== Problem statement ==
From the listing that follows, reproduce only the lines from the one holding "幼児向けの音楽を幅広く理解・" through the one holding "Suzuki has decided", both included, with no pictures.

== Records to use ==
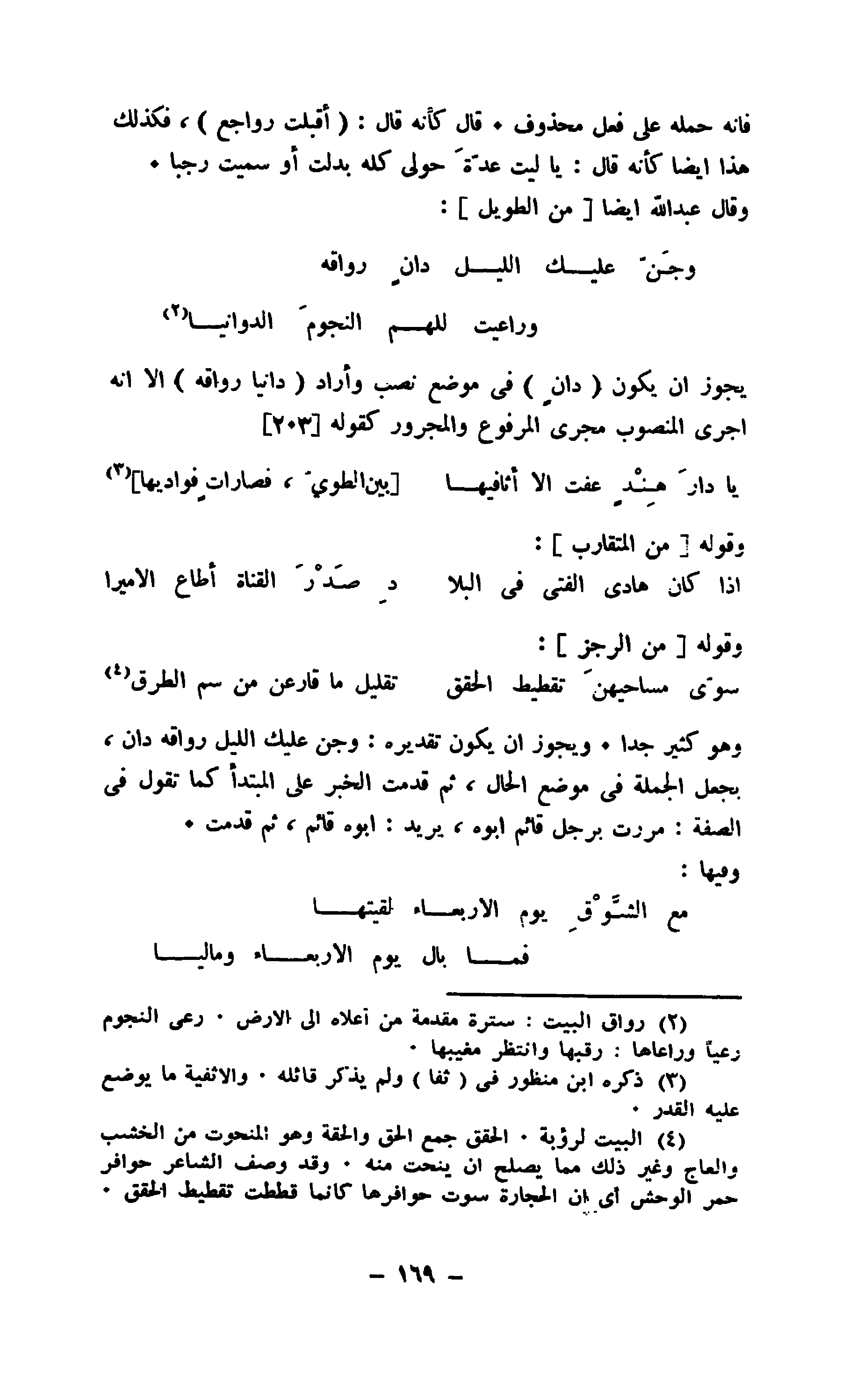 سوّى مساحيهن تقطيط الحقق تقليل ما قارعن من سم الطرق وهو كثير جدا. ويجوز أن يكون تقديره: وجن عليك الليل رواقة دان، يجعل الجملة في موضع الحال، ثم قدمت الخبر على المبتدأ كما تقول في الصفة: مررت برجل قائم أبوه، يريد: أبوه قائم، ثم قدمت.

...

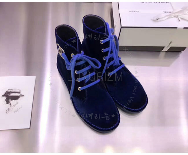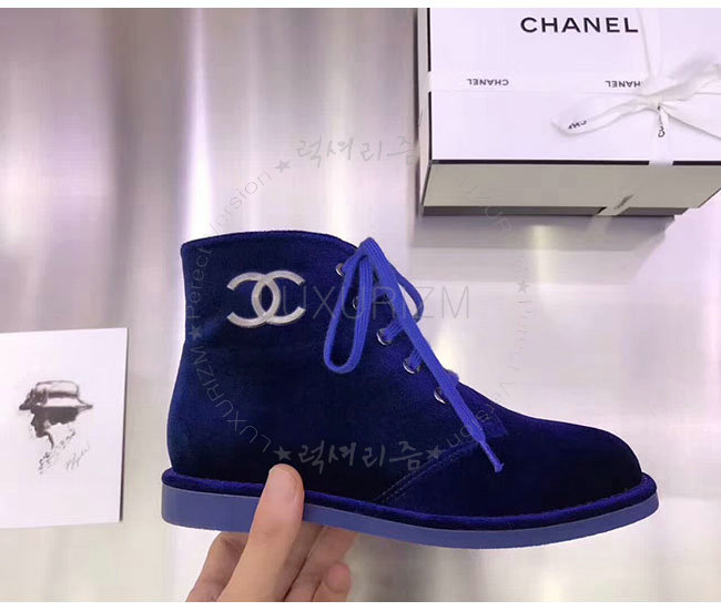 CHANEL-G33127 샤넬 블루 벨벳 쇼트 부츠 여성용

--

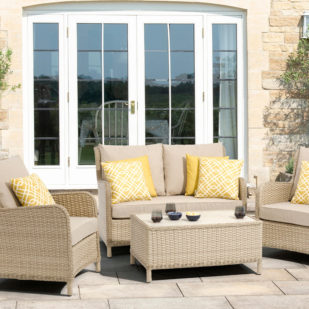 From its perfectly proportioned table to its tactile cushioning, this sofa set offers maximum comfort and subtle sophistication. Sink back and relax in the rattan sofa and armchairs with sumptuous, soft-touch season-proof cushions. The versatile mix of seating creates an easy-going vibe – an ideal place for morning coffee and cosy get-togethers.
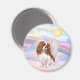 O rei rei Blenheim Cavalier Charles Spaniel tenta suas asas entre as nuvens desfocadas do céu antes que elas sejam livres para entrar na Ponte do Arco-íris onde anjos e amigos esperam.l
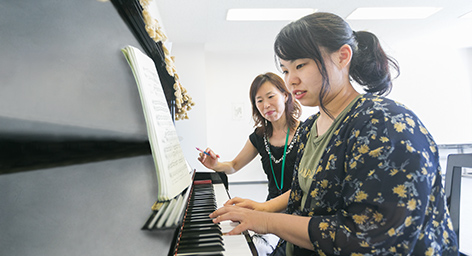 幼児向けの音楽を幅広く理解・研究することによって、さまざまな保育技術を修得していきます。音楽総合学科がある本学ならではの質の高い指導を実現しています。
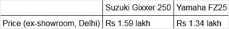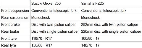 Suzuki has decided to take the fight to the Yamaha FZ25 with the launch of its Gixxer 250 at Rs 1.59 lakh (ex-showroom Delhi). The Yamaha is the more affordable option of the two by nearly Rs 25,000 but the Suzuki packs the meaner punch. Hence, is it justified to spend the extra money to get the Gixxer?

== Task response ==
 幼児向けの音楽を幅広く理解・研究することによって、さまざまな保育技術を修得していきます。音楽総合学科がある本学ならではの質の高い指導を実現しています。
 Suzuki has decided to take the fight to the Yamaha FZ25 with the launch of its Gixxer 250 at Rs 1.59 lakh (ex-showroom Delhi). The Yamaha is the more affordable option of the two by nearly Rs 25,000 but the Suzuki packs the meaner punch. Hence, is it justified to spend the extra money to get the Gixxer?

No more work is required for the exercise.